Mahalo

Jason Calacanis, serial entrepreneur, just launched Mahalo, a search engine where users get hand-crafted portal-like results for common search queries. It’s based on the theory that many people are searching for the same things, that search engine spam is making Google less useful for common queries, and that humans are still wiser than algorithms at sifting through results and finding the really good stuff. Essentially, the site plans to have employees (along with a dash of user-submitted content) build a portal of links to the best information for each popular search term. If a portal doesn’t yet exist for a search term, Mahalo returns Google results by default.

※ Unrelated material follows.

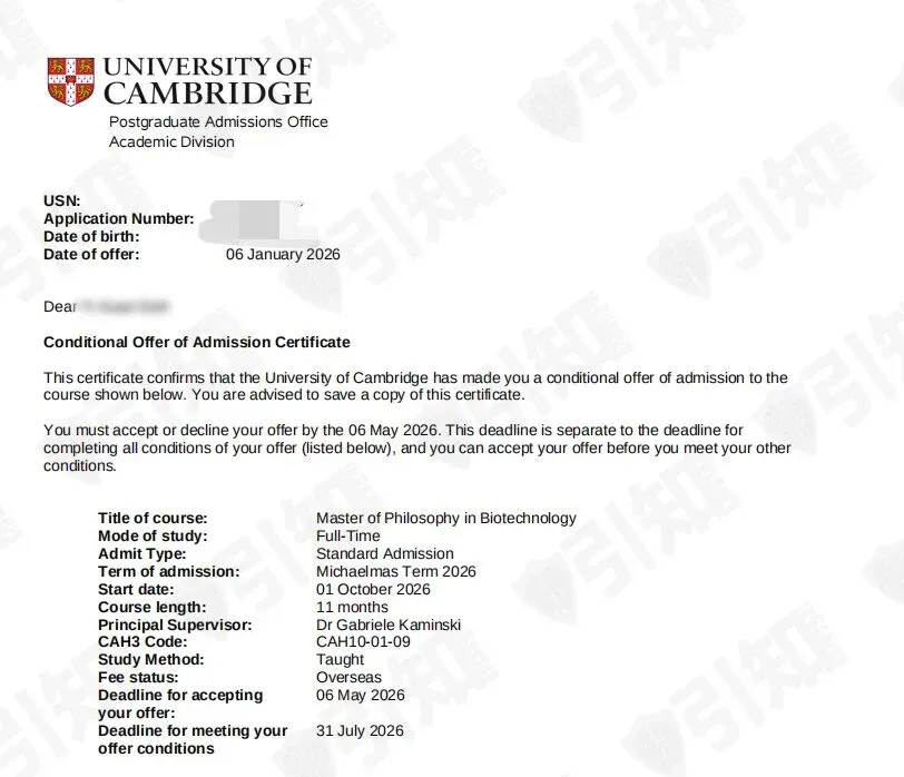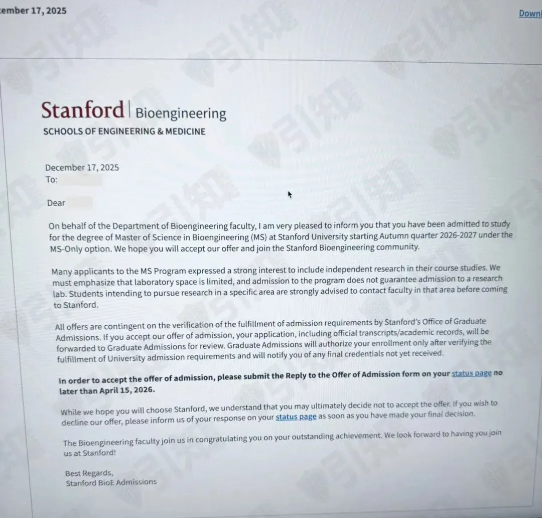 生物科技研究型硕士项目录取!

The idea caught my eye as innovative. It might even work. So here’s my feedback to Jason: it seems to me that where Mahalo really has the potential to shine (yet is only doing a middling job at, currently) is in giving context. Half of the human-powered-search equation, and most of the work, is having real people do the research and come up with the best links on a topic. The second half is giving people enough context to know what they should click on. Mahalo has lists of great links, but it also needs to tell the story of each link. It’d only take 3-5 words each, max. A link without a story about what you’ll find there and why you should take the page seriously isn’t any better than a random Google result.

A lot of entries do pretty well at this- air conditioner, sake, cholesterol management; some don’t- yoga, obesity (I’m mostly going off the Top 7 links). But since giving intelligent link context is something human-powered search could do really well and is really helpful for people, and also something that Google can’t do, I think it’d be worthwhile for Mahalo to make it a top priority.

So, that’s the angle I’d suggest for competing against Google. With a short (3-5 word) story about each link, search results for common queries could be better, more contextual, and more concise. Competing against Wikipedia-as-a-search-engine will actually be tougher, I think, since Mahalo’s portal-style search results and Wikipedia’s summary-style articles occupy overlapping niches.

Finally, some search engine diversity!